Ich dachte Logan trank keinen Alkohol? Niemals. Genau so hatte er es mir einmal gesagt.

»Ich glaube schon«, gestand er und für ein paar Sekunden sagte niemand von uns beiden etwas, bis Logan wieder die Stille durchbrach.

»Mir ist übel.«

Ich seufzte und warf einen Blick zurück zu meinen Freunden, die noch immer ausgelassen miteinander scherzten. Währenddessen drehten sich in meinem Kopf sämtliche Rädchen und ich suchte fieberhaft nach einer Lösung. Einerseits wollte ich Logan an diesem für ihn furchtbaren Tag unbedingt beistehen, wollte für ihn da sein, andererseits aber war ich mir unsicher darüber, ob ich dieses Risiko eingehen sollte.

Wenn mein Dad herausfand, dass ich mich mit ihm traf, wäre die Hölle los. Doch womöglich konnte ich es so einfädeln, dass er gar nicht erst Wind davon bekam. Mein Blick wanderte zu Poppy und plötzlich kam mir eine Idee.

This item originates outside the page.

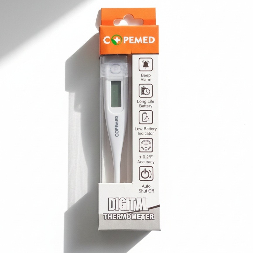 COPE MED Digital Thermometer for quick and precise temperature reading. Features a Beep Alarm, Long Life Battery with a Low Battery Indicator, high accuracy of and Auto Shut Off for convenience. Perfect for home use.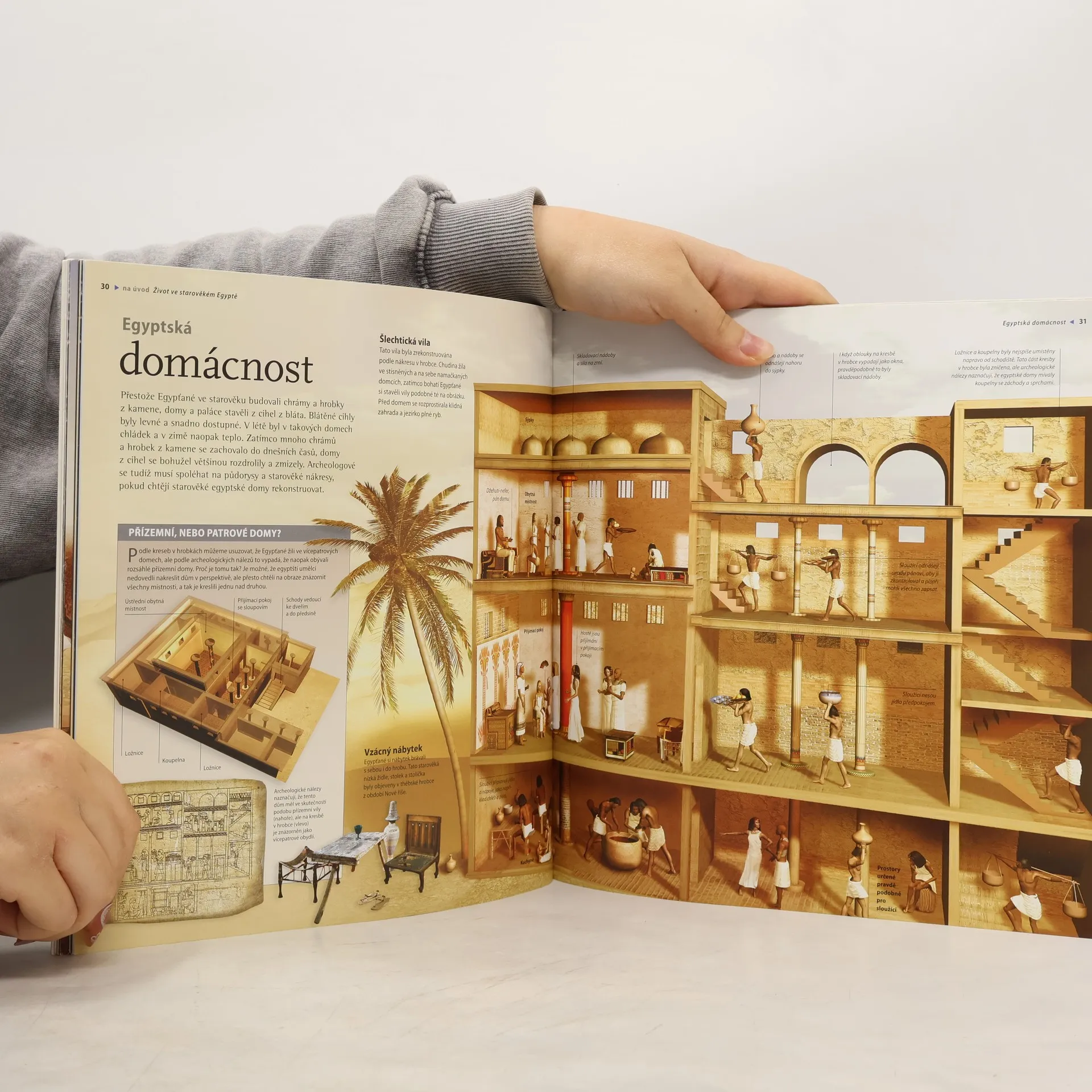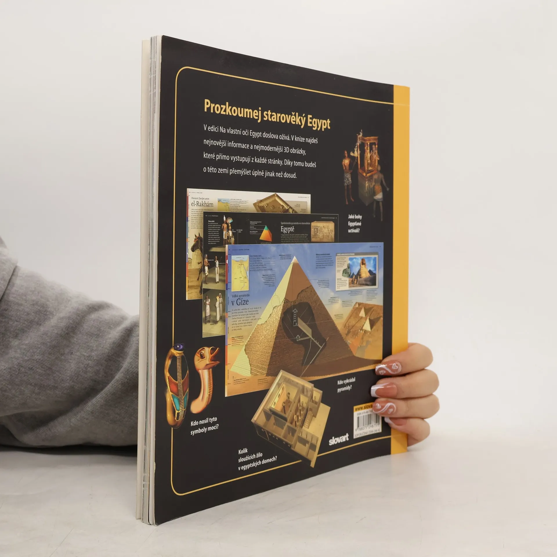 Po úvodních informacích o základních historických faktech, chronologii, vykopávkách a rozluštění hieroglyfů přechází čtenář z jedné zajímavé kapitoly do druhé: panteon staroegyptských bohů a bohyň, stavby pyramid, mumifikování zemřelých, představy Egypťanů o posmrtném životě, obdělávání půdy, které souviselo se záplavami Nilu, obraz egyptské domácnosti, umění a řemesla, staroegyptská armáda, Údolí králů, dobrodružství Howarda Cartera při objevení Tutanchamonovy hrobky, chrámy v Abú Simbelu, chrámový komplex v Karnaku a mnoho dalšího.

»Okay. Ich hole dich ab. In welchem Club bist du?«

»’Weiß nicht. Irgendetwas mit Moon.«

»Meinst du das Midnight Moon

»Schlaues Mädchen.«

Bei seinen Worten verkniff ich mir ein Schmunzeln. Er war also im Midnight Moon. Ich kannte diesen Club noch von damals, als ich mich mit Poppy, Timmy und Danny beinahe jedes Wochenende in irgendwelche schmuddeligen Diskotheken geschmuggelt hatte. Wir waren um die Häuser gezogen und hatten uns mit Tanzen und Alkohol die Nacht um die Ohren geschlagen.

»Okay, ich bin in zwanzig Minuten bei dir. Bis gleich.«

»Bis gleich, Schönheit.«

Bei seinen Worten begann es in meinem Bauch zu flattern und mein Herz schlug in vorfreudiger Erwartung auf Hochtouren.

Schönheit.

Nicht zu fassen, wie gelassen der Alkohol ihn machte.

Ich murmelte ebenfalls eine schnelle Verabschiedung, ehe ich das Telefonat beendete. Noch immer konnte ich es kaum fassen. Ich würde Logan gleich sehen!

Voller Nervosität sprintete ich zurück an unseren Tisch und wäre dabei fast erneut gestolpert, diesmal aber über meine eigenen Füße.

Am Tisch angekommen richteten sich alle Blicke sofort wieder auf mich und ich gab mir alle Mühe, nichts anmerken zu lassen. Doch leider konnte ich mich nicht so einfach davonstehlen. Denn ich war auf Poppy angewiesen, da ich nicht mit meinem eigenen Auto gekommen war, worüber ich mich in diesem Moment wirklich ärgerte. Und auch die anderen würden sicherlich wissen wollen, weshalb ich mich so früh aus dem Staub machte. So blieb mir gar keine andere Möglichkeit, als ihnen eine Lüge aufzutischen.

»Tut mir leid, Leute, aber ich muss schon wieder los.«

Dann wandte ich mich an meine beste Freundin.